Severe acute respiratory syndrome coronavirus 2 (SARS-CoV-2), the causal agent of the coronavirus disease 2019 (COVID-19) pandemic, is a highly pathogenic coronavirus belonging to the betacoronavirus genus.
The genome of SARS-CoV-2 consists of a single-stranded RNA of 29,903 nucleotides. SARS-CoV-2 is associated with a very high mutation rate, and, recently, machine learning has proved to be a valuable method to identify the distinctive genomic signatures among viral sequences. This could be helpful in taxonomic and phylogenetic studies and also help in detecting emerging variants of concern. In a new study posted to the bioRxiv* preprint server, researchers studied KEVOLVE, an approach based on a genetic algorithm with a machine learning kernel, to identify several genomic signatures.
Study: Machine learning-based approach KEVOLVE efficiently identifies SARS-CoV-2 variant-specific genomic signatures. Image Credit: Metamorworks / Shutterstock
Machine Learning Method: KEVOLVE
KEVOLVE includes a machine learning kernel and is based on a genetic algorithm. It identifies minimal subsets of discriminative motifs. In the context of HIV, KEVOLVE-identified motifs facilitated the construction of models that out-performed specialized HIV prediction tools, thereby demonstrating the potential of this approach.
In the current study, researchers evaluated the KEVOLVE, whose search function was upgraded to identify smaller sets of motifs. It was important to maintain the same discriminative performance criteria. Scientists compared several reference tools to identify discriminating motifs among SARS-CoV-2 genome sequences. Four main steps were followed: (i) identification of motifs in a restricted set of nucleotide sequences, (ii) using the motifs to build prediction models and assessing them using a large set of SARS-CoV-2 sequences, (iii) analyzing the KEVOLVE-identified motifs to highlight their potential biological functions, and (iv) dedication of a specific analysis to the new Omicron variant.
SARS-CoV-2 genome organization
In a comparative study in which scientists analyzed a large SARS-CoV-2 genome dataset, it was observed that KEVOLVE performed better in identifying variant-discriminative signatures when compared to several gold-standard reference statistical tools.
Cluster map representing the percentage of presence of motifs identified by KEVOLVE according to the groups of variants of SARS-CoV-2.
Next, the variant-discrimination motifs identified by KEVOLVE were analyzed to assess the potential functional impact of these mutations. The divergence between the genomes of SARS-CoV-2 variants was observed to be less than 1%, and the mean divergence between all the sequences was 0.29%. Omicron was observed to be the most divergent (0.44%), compared to other variants, such as Alpha, Zeta, and Iota.
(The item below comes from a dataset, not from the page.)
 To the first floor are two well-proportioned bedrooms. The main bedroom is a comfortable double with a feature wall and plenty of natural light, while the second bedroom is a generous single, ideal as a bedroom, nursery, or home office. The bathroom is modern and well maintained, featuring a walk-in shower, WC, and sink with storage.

Overall, the variant-discriminative signatures were associated with known mutations among the different variants regarding the functional and pathological impacts based on the existing literature.
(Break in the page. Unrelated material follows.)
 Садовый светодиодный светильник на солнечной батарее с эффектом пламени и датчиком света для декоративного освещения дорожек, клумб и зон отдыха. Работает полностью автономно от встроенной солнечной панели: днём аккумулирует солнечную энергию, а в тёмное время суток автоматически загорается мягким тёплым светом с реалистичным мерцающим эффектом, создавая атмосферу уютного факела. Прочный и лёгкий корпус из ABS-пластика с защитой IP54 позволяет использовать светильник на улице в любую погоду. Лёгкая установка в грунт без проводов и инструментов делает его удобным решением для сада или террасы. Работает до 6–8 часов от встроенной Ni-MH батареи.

Using KEVOLVE, researchers were able to highlight three substitutions constituting unique features of Omicron: I3758V in ORF1ab (NSP6) and N679K and D796Y in ORF2. They stated that the functional implications of these mutations are unknown. Future research could investigate how these mutations could influence viral fitness and susceptibility to natural and vaccine-mediated immunity. It must be noted that the combination of N679K with H655Y and P681H could increase the cleavage of spike and, thereby, enhance fusion and viral transmission.
Nucleotide rate dissimilarity matrix and phylogenetic tree of SARS-CoV-2 variant families.
Implication of Results
The findings documented in the study suggest that KEVOLVE is a robust tool for the rapid and precise determination of SARS-CoV-2 variants. The genomic signatures could be used to build peptide or oligonucleotide libraries for quick pathogen detection using existing tools. Contrary to traditional methods, KEVOLVE is automatic and independent of multiple sequence alignments, a huge advantage. KEVOLVE also possesses the ability to be adapted to allow the automated analysis of previously-identified motifs, thereby increasing its efficiency even further.
In the current study, researchers demonstrated the numerous advantages of machine learning-based tools over conventional methods to efficiently discriminate between SARS-CoV-2 variants. The new approach does not depend on multiple sequence alignment and enables users to capture mutations associated with motifs of interest. Furthermore, this detection could be done in different groups of viral pathogens.
Such methods could well be fundamental in the future to identify novel motifs pointing toward unrecognized mutations, of functional importance, in novel emerging variants. Scientists stressed that KEVOLVE could be a valuable complement to conventional genomic analyses to classify and understand viral variants.
bioRxiv publishes preliminary scientific reports that are not peer-reviewed and, therefore, should not be regarded as conclusive, guide clinical practice/health-related behavior, or treated as established information.